Time to address banks’ skepticism about data sharing

When bankers complain about the security risks of sharing data with fintechs, they get an eye roll. Such complaints tend to be regarded as a cover for an ulterior motive: unwillingness to give customer details to competitors.

But when Chair Sheila Bair, a former chairman of the Federal Deposit Insurance Corp., recently warned of the security risks of sharing customer data with third parties, it made some people stop and think.

“Sheila Bair has proven herself to be an honest broker,” said Harry Sandick, a partner with the law firm Patterson Belknap Webb & Tyler who specializes in white-collar criminal defense and investigations. “She was a tough regulator, she was one of the people in the aftermath of the financial crisis who really dug in, along with Elizabeth Warren and Neil Barofsky, so if she thinks there are concerns here, there probably are concerns here,” said Sandick, a former assistant U.S. attorney for the Southern District of New York.

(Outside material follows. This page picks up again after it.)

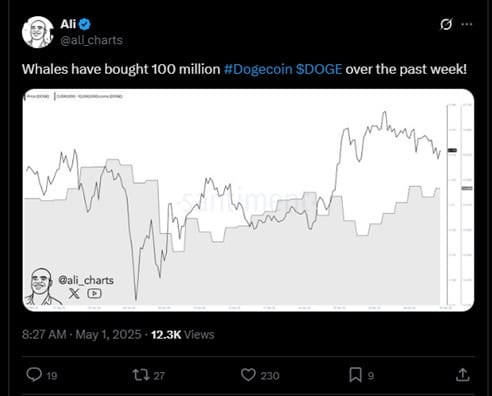 Wygląda jednak na to, że w trakcie ostatnich tygodni ożywienia na rynku, duzi posiadacze uznali, że warto zwiększyć zapasy DOGE w portfelach. Jak poinformował Ali Martinez, w jednym z najnowszych wpisów na X, wieloryby tylko w ciągu minionego tygodnia kupiły aż 100 mln sztuk Dogecoina.

Regulated banks have to provide many layers of security that are audited by government agencies, Bair wrote in a recent opinion piece in the Financial Times. “But as the Equifax data breach highlights, other entities, such as credit reporting agencies, reside outside this system,” she said.

“The protection they offer is only as good as their management's vigilance, and that is often lacking,” she said. “Given the relative success of bank cyber regulation, why would we want to provide new points of penetration?”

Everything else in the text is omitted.